* WORK REQUIRED: Your answer should be the records again, unchanged in wording and free of images.

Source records
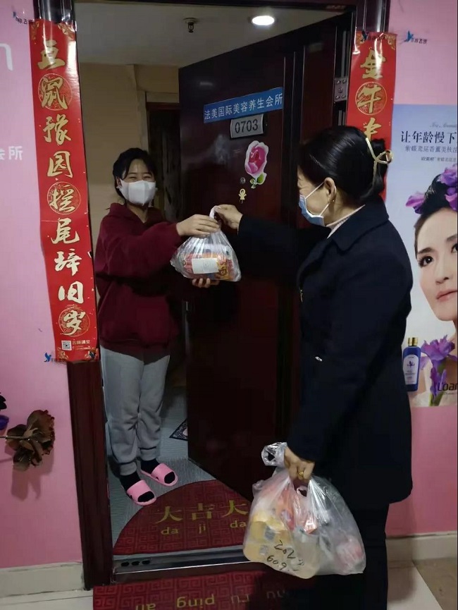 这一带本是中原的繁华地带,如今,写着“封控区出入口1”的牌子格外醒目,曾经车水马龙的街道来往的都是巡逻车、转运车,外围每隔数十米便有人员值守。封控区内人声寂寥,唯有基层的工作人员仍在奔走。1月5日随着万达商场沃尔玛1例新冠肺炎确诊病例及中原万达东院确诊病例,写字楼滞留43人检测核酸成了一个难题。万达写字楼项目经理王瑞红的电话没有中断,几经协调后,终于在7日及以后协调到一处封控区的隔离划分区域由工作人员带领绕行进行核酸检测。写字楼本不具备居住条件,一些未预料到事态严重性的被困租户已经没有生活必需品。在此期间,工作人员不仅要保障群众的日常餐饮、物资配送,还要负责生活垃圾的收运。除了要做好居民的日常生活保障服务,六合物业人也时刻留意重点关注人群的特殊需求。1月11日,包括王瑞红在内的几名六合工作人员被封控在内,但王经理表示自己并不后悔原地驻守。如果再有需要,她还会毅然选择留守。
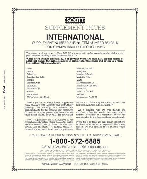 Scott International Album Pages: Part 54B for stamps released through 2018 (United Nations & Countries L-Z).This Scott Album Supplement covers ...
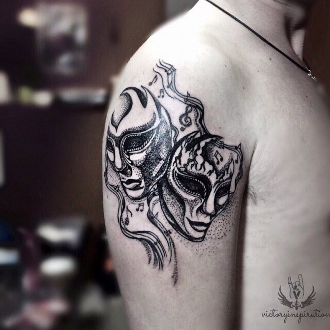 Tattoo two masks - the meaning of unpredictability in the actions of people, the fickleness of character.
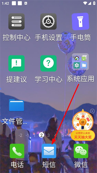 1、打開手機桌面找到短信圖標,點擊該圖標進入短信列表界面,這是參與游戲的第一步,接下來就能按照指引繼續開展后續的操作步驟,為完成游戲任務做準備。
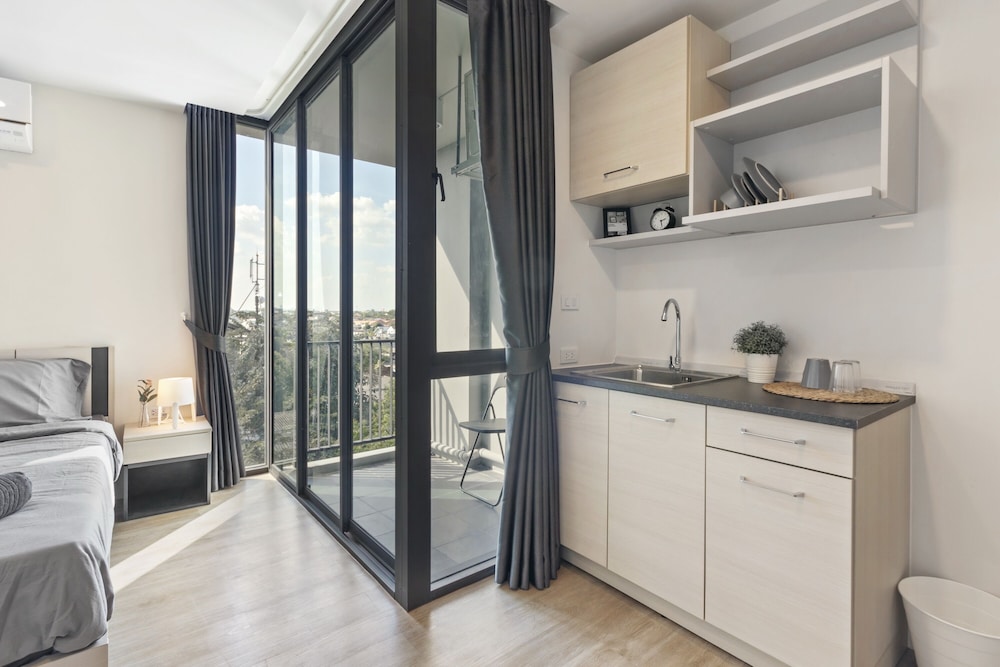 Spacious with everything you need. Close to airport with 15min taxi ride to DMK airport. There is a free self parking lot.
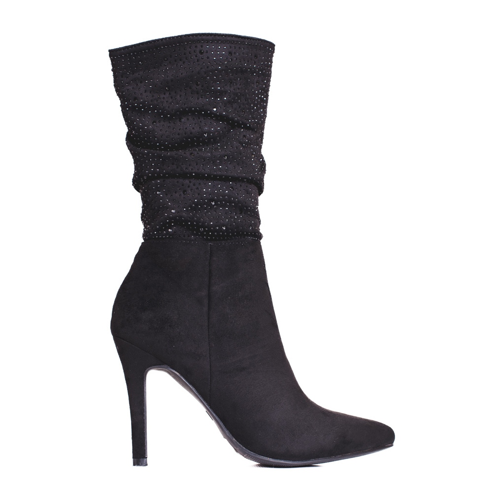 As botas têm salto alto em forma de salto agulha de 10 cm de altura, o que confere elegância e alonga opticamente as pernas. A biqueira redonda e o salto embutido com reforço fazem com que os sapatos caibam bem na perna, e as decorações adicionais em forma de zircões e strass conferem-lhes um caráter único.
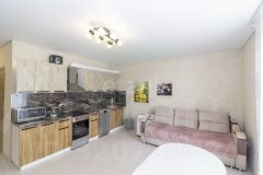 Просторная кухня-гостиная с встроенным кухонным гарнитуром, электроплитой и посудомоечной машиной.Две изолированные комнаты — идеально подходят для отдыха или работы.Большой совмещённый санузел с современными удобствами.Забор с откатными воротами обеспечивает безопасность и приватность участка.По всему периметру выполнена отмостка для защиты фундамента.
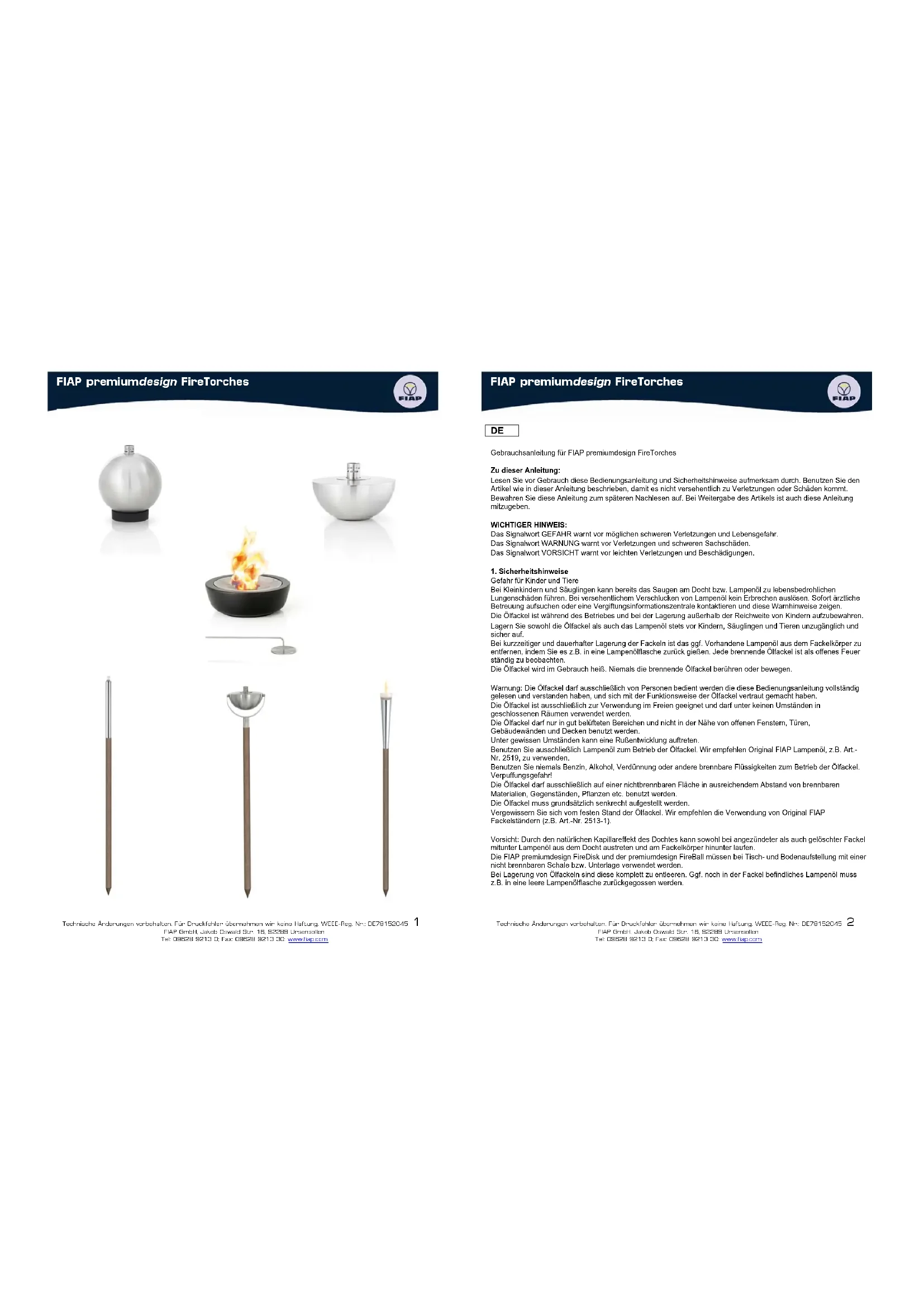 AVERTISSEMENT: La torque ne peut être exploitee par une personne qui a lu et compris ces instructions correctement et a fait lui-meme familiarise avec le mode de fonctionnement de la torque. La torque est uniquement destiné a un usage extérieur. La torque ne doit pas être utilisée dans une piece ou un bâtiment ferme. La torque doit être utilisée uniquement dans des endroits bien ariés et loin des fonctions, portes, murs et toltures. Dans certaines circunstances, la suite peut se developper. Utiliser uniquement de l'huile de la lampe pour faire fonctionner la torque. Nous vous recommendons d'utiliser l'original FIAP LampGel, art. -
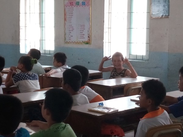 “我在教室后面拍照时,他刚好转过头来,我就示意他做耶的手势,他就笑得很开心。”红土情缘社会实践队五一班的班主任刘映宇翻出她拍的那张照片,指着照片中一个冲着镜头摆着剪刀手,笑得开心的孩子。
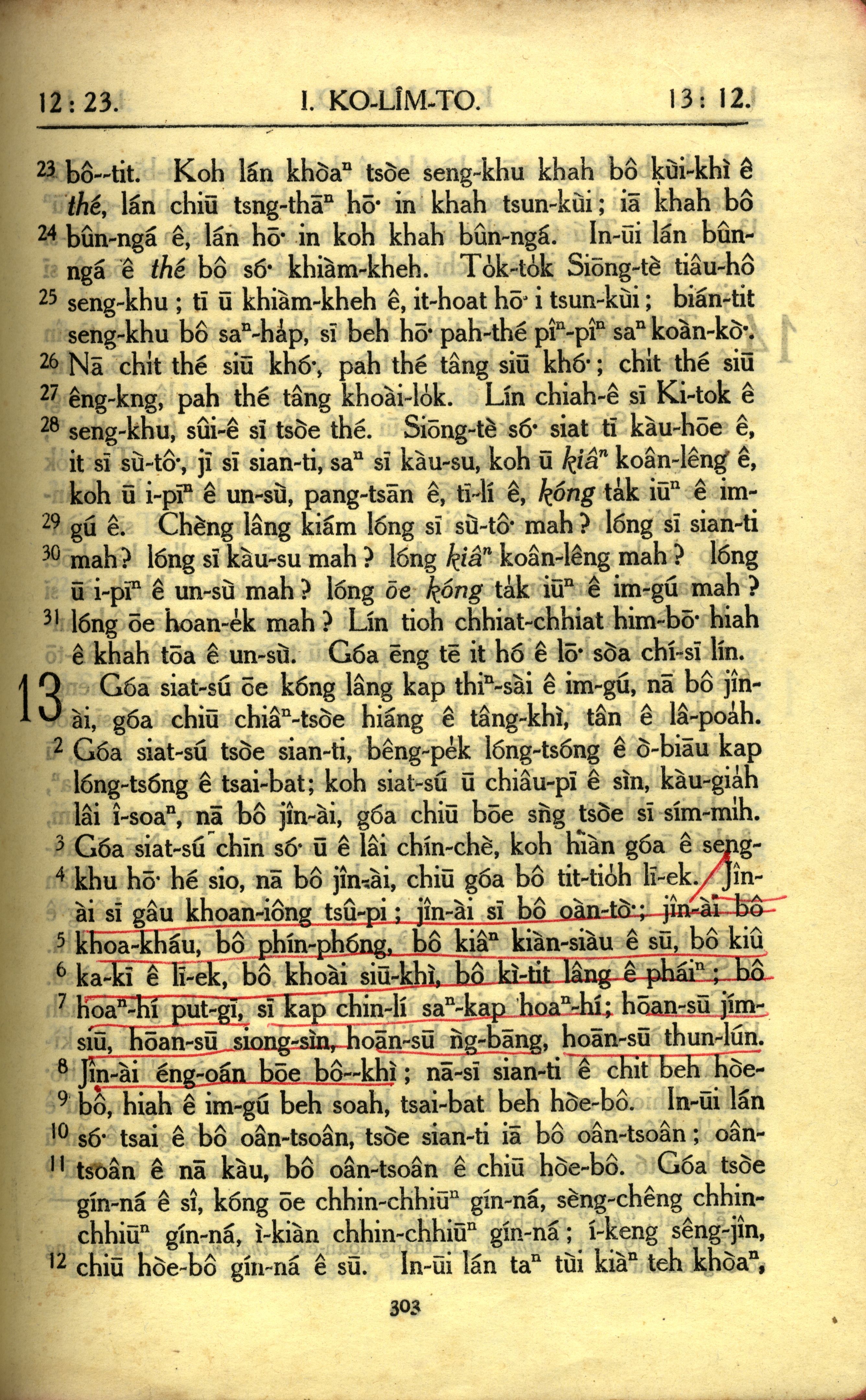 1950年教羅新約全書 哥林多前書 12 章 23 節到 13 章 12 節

* RESULT BELOW:
 这一带本是中原的繁华地带,如今,写着“封控区出入口1”的牌子格外醒目,曾经车水马龙的街道来往的都是巡逻车、转运车,外围每隔数十米便有人员值守。封控区内人声寂寥,唯有基层的工作人员仍在奔走。1月5日随着万达商场沃尔玛1例新冠肺炎确诊病例及中原万达东院确诊病例,写字楼滞留43人检测核酸成了一个难题。万达写字楼项目经理王瑞红的电话没有中断,几经协调后,终于在7日及以后协调到一处封控区的隔离划分区域由工作人员带领绕行进行核酸检测。写字楼本不具备居住条件,一些未预料到事态严重性的被困租户已经没有生活必需品。在此期间,工作人员不仅要保障群众的日常餐饮、物资配送,还要负责生活垃圾的收运。除了要做好居民的日常生活保障服务,六合物业人也时刻留意重点关注人群的特殊需求。1月11日,包括王瑞红在内的几名六合工作人员被封控在内,但王经理表示自己并不后悔原地驻守。如果再有需要,她还会毅然选择留守。
 Scott International Album Pages: Part 54B for stamps released through 2018 (United Nations & Countries L-Z).This Scott Album Supplement covers ...
 Tattoo two masks - the meaning of unpredictability in the actions of people, the fickleness of character.
 1、打開手機桌面找到短信圖標,點擊該圖標進入短信列表界面,這是參與游戲的第一步,接下來就能按照指引繼續開展后續的操作步驟,為完成游戲任務做準備。
 Spacious with everything you need. Close to airport with 15min taxi ride to DMK airport. There is a free self parking lot.
 As botas têm salto alto em forma de salto agulha de 10 cm de altura, o que confere elegância e alonga opticamente as pernas. A biqueira redonda e o salto embutido com reforço fazem com que os sapatos caibam bem na perna, e as decorações adicionais em forma de zircões e strass conferem-lhes um caráter único.
 Просторная кухня-гостиная с встроенным кухонным гарнитуром, электроплитой и посудомоечной машиной.Две изолированные комнаты — идеально подходят для отдыха или работы.Большой совмещённый санузел с современными удобствами.Забор с откатными воротами обеспечивает безопасность и приватность участка.По всему периметру выполнена отмостка для защиты фундамента.
 AVERTISSEMENT: La torque ne peut être exploitee par une personne qui a lu et compris ces instructions correctement et a fait lui-meme familiarise avec le mode de fonctionnement de la torque. La torque est uniquement destiné a un usage extérieur. La torque ne doit pas être utilisée dans une piece ou un bâtiment ferme. La torque doit être utilisée uniquement dans des endroits bien ariés et loin des fonctions, portes, murs et toltures. Dans certaines circunstances, la suite peut se developper. Utiliser uniquement de l'huile de la lampe pour faire fonctionner la torque. Nous vous recommendons d'utiliser l'original FIAP LampGel, art. -
 “我在教室后面拍照时,他刚好转过头来,我就示意他做耶的手势,他就笑得很开心。”红土情缘社会实践队五一班的班主任刘映宇翻出她拍的那张照片,指着照片中一个冲着镜头摆着剪刀手,笑得开心的孩子。
 1950年教羅新約全書 哥林多前書 12 章 23 節到 13 章 12 節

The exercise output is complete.